» **Given material**
━━━━━━━━━━

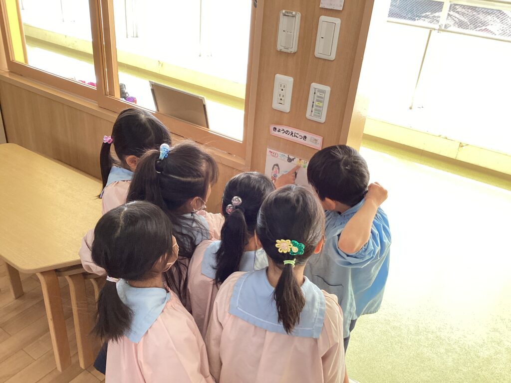 毎日変わる絵日記を見るのが好きなようで、私が変えるのを忘れてしまった時は「先生!早く変えてー!」と怒られてしまいます(笑)
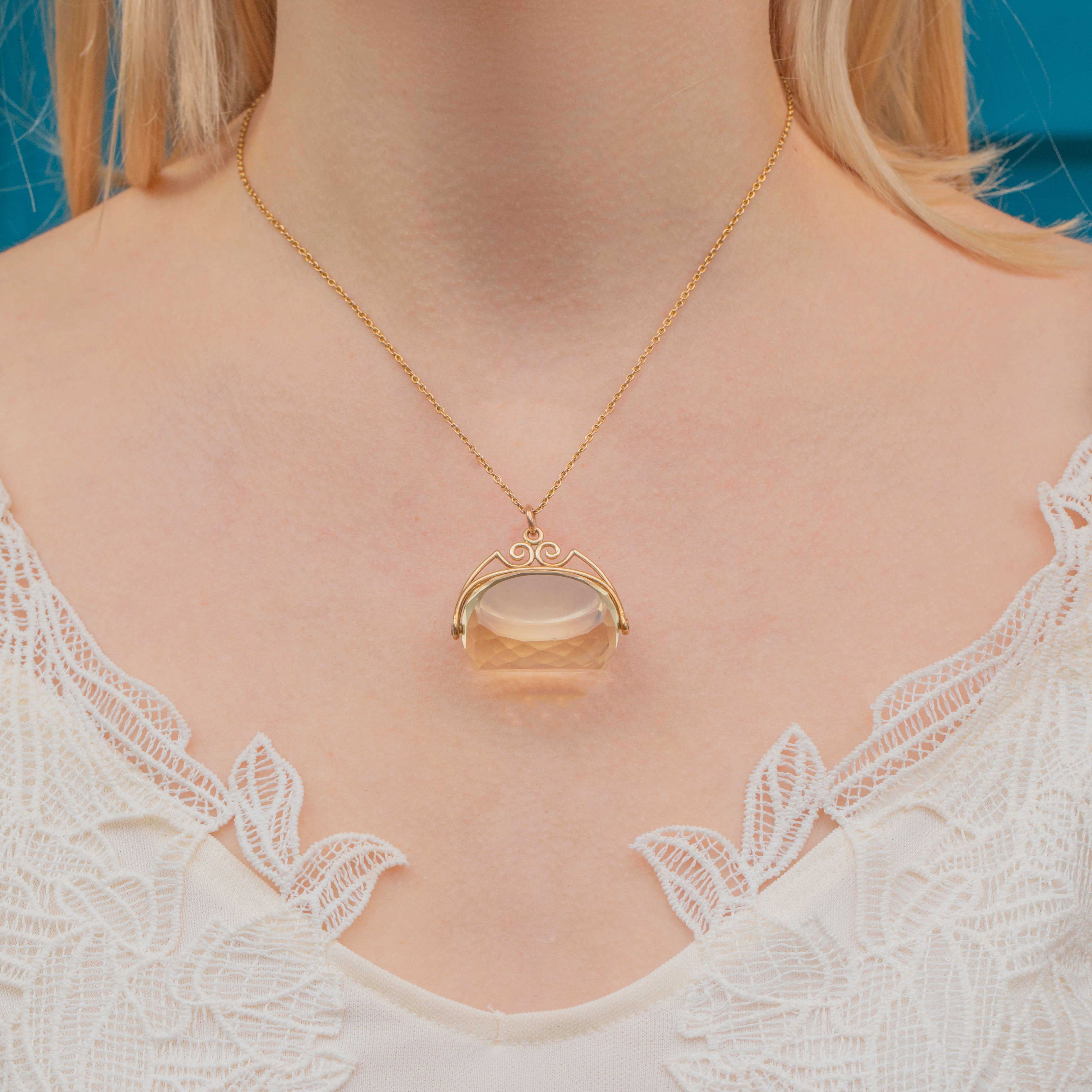 This Victorian swivel pendant will hang beautifully from a Gold chain, with her lemony Citrine sitting smooth and solid against your skin, facets glittering under the light - you could even choose to engrave the large flat facets if you wish! The swivelling feature adds an extra playful touch, ensuring years of enjoyment.
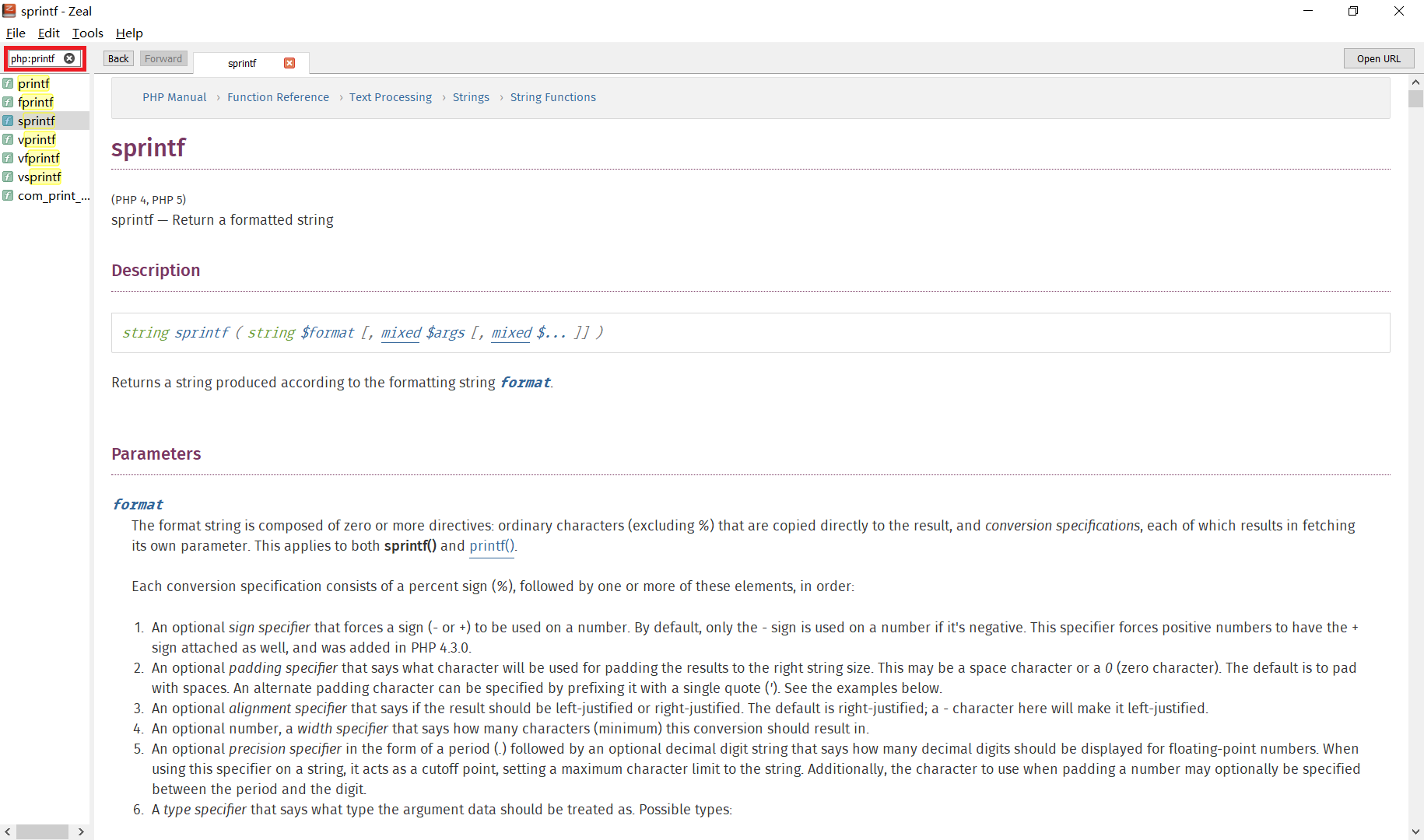 下载完成后,将tgz解压到Zeal的安装路径的docsets文件夹下面,再启动Zeal就能使用搜索功能了。

━━━━━━━━━━

» **Task description**
In transcribing the material above, reproduce each line exactly and include none of the pictures.

» **Task solution**
 毎日変わる絵日記を見るのが好きなようで、私が変えるのを忘れてしまった時は「先生!早く変えてー!」と怒られてしまいます(笑)
 This Victorian swivel pendant will hang beautifully from a Gold chain, with her lemony Citrine sitting smooth and solid against your skin, facets glittering under the light - you could even choose to engrave the large flat facets if you wish! The swivelling feature adds an extra playful touch, ensuring years of enjoyment.
 下载完成后,将tgz解压到Zeal的安装路径的docsets文件夹下面,再启动Zeal就能使用搜索功能了。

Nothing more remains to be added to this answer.